### Provided material
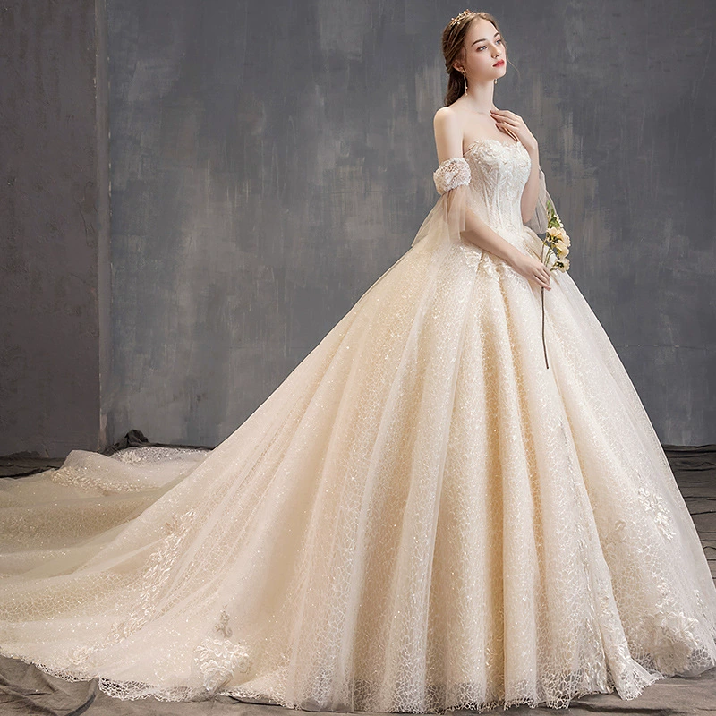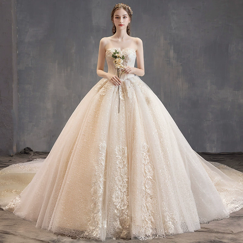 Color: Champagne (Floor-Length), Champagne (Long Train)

==

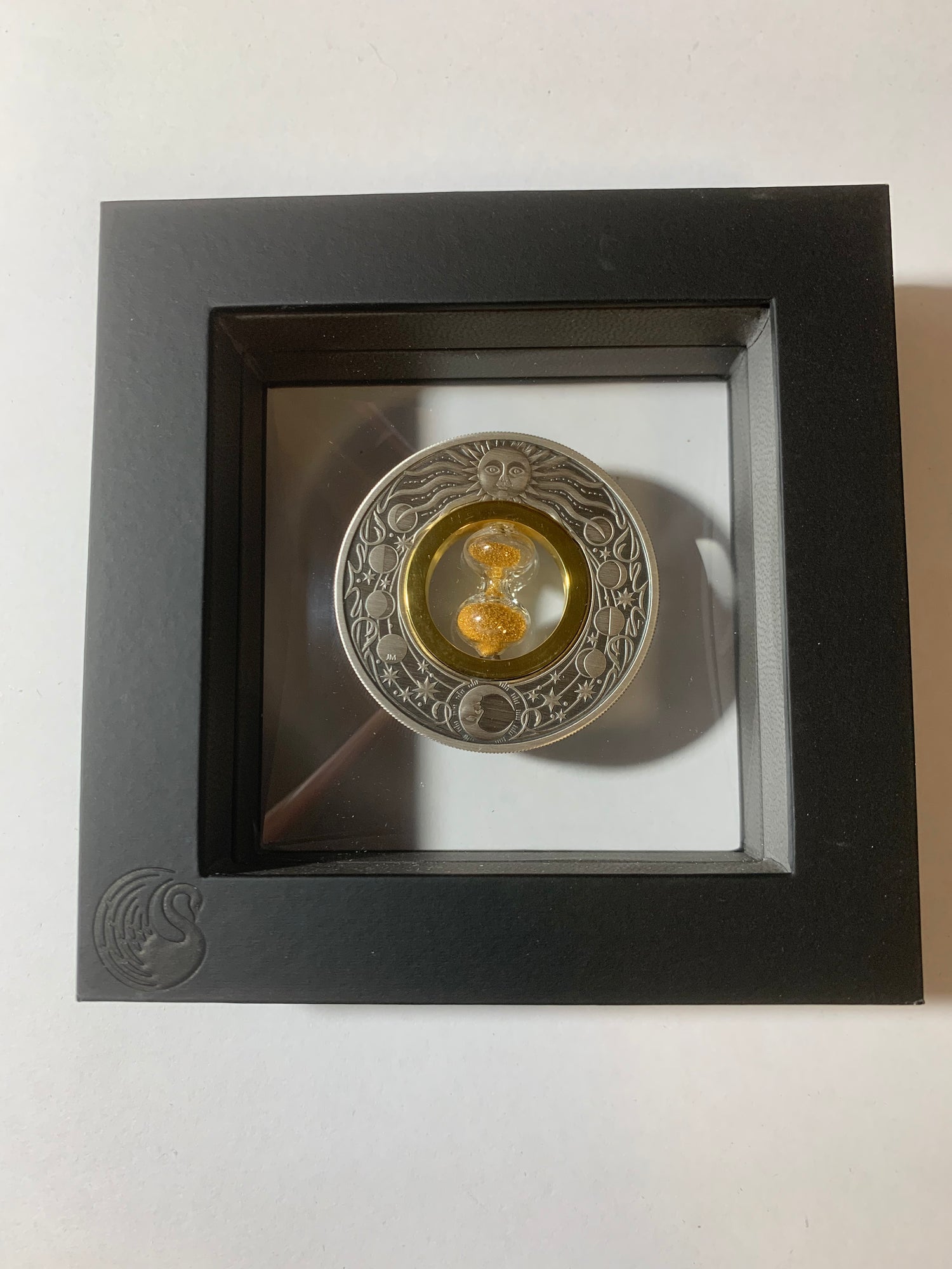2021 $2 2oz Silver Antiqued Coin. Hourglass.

* * *

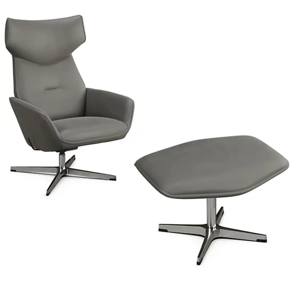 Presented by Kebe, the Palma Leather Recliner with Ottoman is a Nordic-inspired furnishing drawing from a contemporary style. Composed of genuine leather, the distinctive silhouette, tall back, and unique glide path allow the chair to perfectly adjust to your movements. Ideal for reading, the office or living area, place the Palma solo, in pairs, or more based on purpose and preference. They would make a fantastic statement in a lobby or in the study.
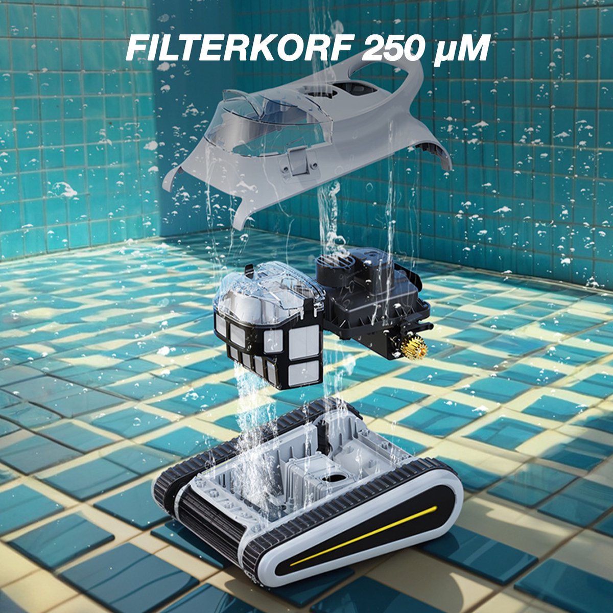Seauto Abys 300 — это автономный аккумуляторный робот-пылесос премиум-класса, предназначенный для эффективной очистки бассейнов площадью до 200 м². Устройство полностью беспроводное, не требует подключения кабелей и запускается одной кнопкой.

### Exercise details
From the records above, copy exactly the stretch from the line holding "Presented by Kebe, the" through the line holding "Seauto Abys 300", both ends included, without the pictures.

### Exercise output
 Presented by Kebe, the Palma Leather Recliner with Ottoman is a Nordic-inspired furnishing drawing from a contemporary style. Composed of genuine leather, the distinctive silhouette, tall back, and unique glide path allow the chair to perfectly adjust to your movements. Ideal for reading, the office or living area, place the Palma solo, in pairs, or more based on purpose and preference. They would make a fantastic statement in a lobby or in the study.
Seauto Abys 300 — это автономный аккумуляторный робот-пылесос премиум-класса, предназначенный для эффективной очистки бассейнов площадью до 200 м². Устройство полностью беспроводное, не требует подключения кабелей и запускается одной кнопкой.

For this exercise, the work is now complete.